In clinical studies that investigated the efficacy and tolerability of perampanel at doses up to 12 mg, a ( statistically significant ) reduction in the frequency of epileptic seizures from a dose of 4 mg was observed. Compared this was with study participants who received a placebo with no active substance ( placebo). The observed in the studies on the most common side effects were dizziness and somnolence (if more than 10% of study participants ). Other side effects occurred with lower frequencies. Prerequisite for participation in these studies was the incidence of partial seizures with or without secondary generalization despite current treatment with up to three ( other ) anticonvulsants.

Application

Perampanel is allowed up to a maximum dose of 12 mg. The titration for individual optimum of safety and efficacy carried out in dose increments of 2 mg (depending on additional medication at weekly or biweekly intervals ). The tablet is taken once a day at bedtime.

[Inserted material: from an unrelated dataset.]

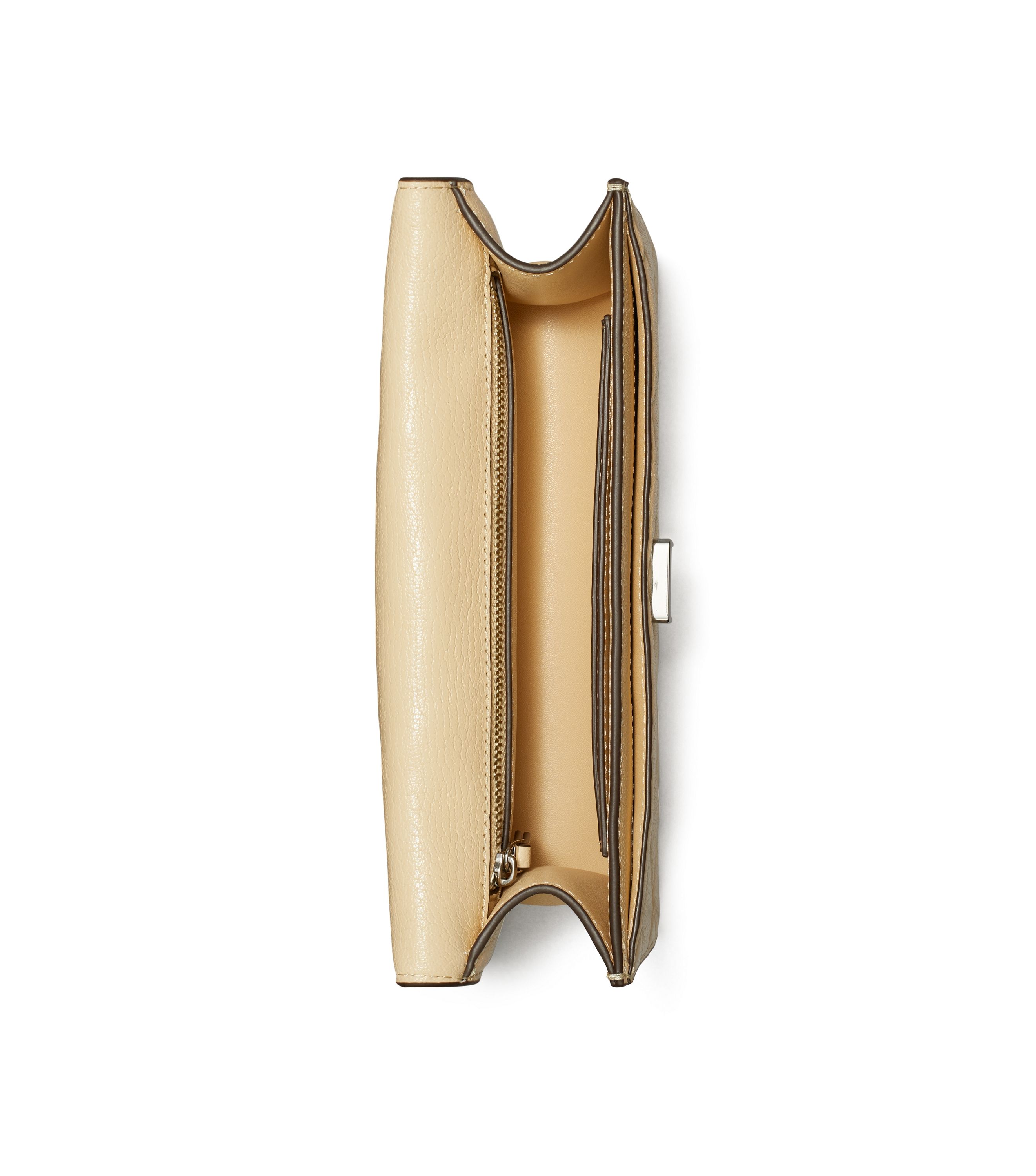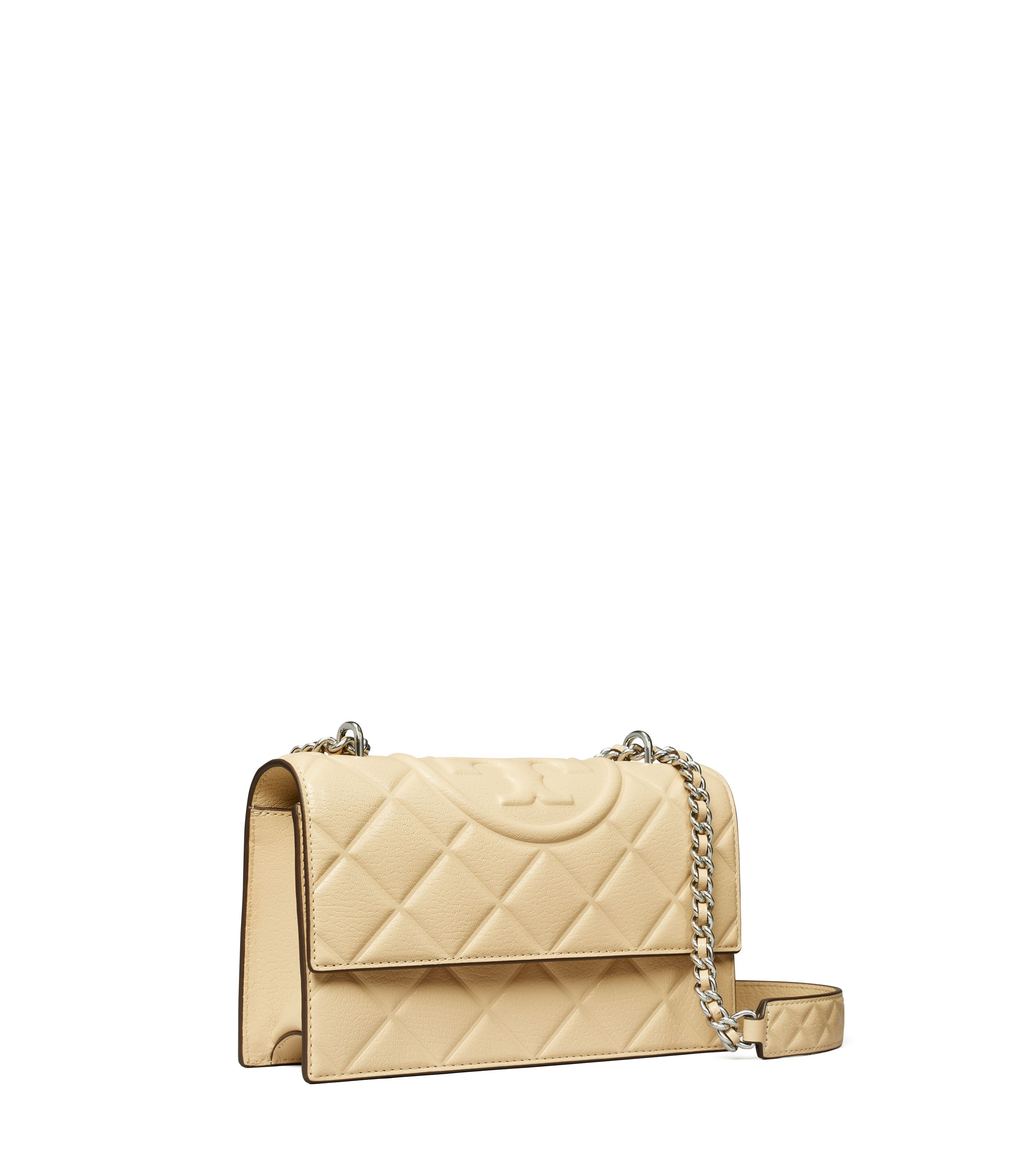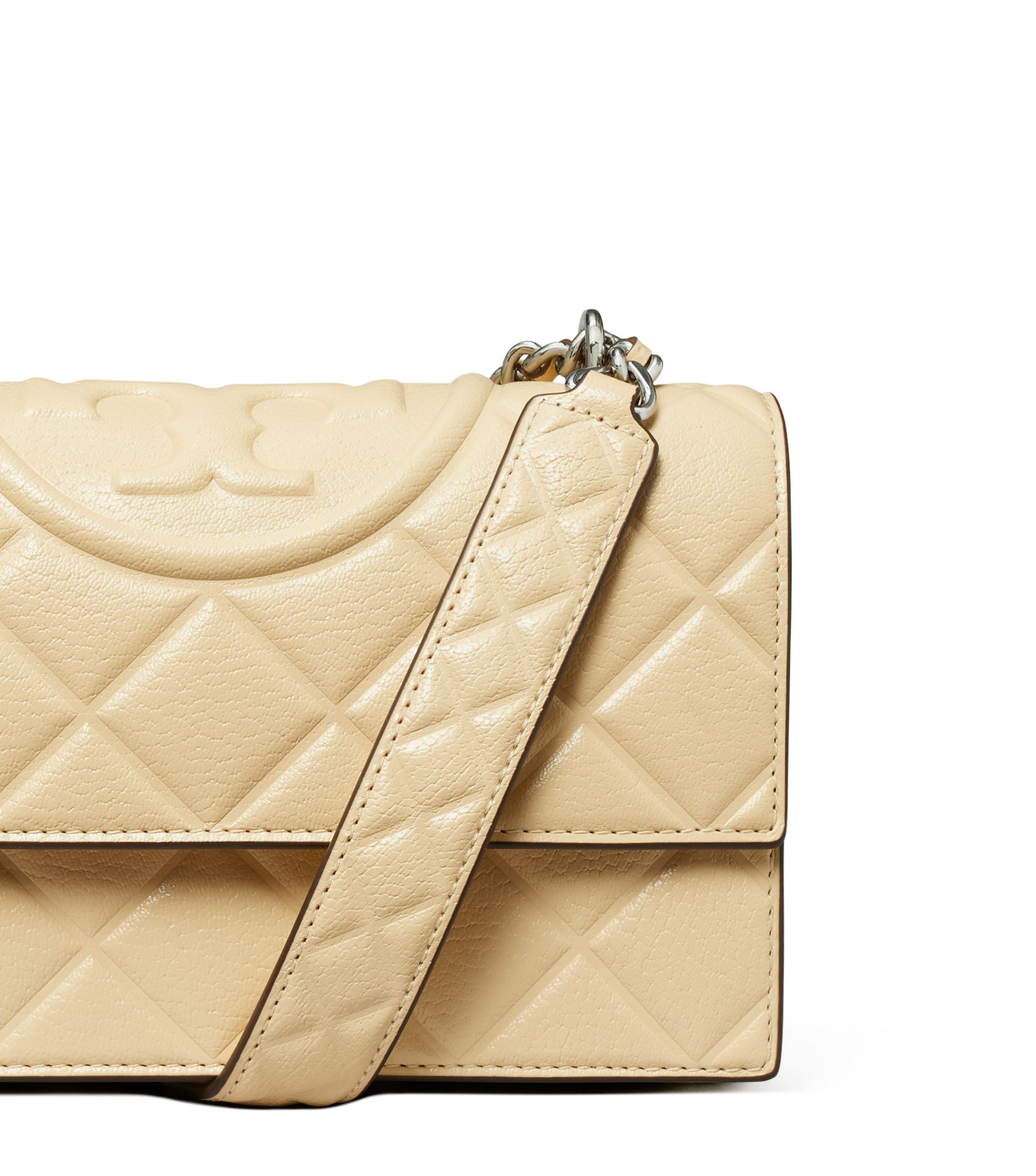 Die kleine, wandelbare Fleming Schultertasche ist mit einem grafischen Rautenmuster und einem geprägten Doppel-T versehen. Der verstellbare Trageriemen mit eingeflochtener, goldfarbener, gebürsteter Kette und doppeltem Schulterpolster dient gleichzeitig als Umhängeriemen.

Early benefit assessment ( AMNOG )

The Institute for Quality and Efficiency in Health Care ( IQWiG) in 2012 at an early benefit assessment pursuant Pharmaceutical Market Restructuring Act ( AMNOG ) checks whether perampanel compared with the previous standard therapy offers an additional benefit. However, for the dossier to such additional benefits can not be derived, since the manufacturer is not provided relevant data for comparison with the active ingredients lamotrigine or topiramate. In a statement, the German Society for Epileptology and the German Society of Neurology, however, do not hold the required comparison methodology would be useful. Dossier evaluation was part of the overall process for early benefit assessment, which was conducted by the Federal Joint Committee (G -BA). The G -BA has decided on March 7, 2013, that an additional benefit in relation to the appropriate comparator therapy was not used.

Then Eisai has decided in June 2013 not to offer the drug in Germany. The supply of epilepsy patients with perampanel is however ensured despite the temporary withdrawal of the company.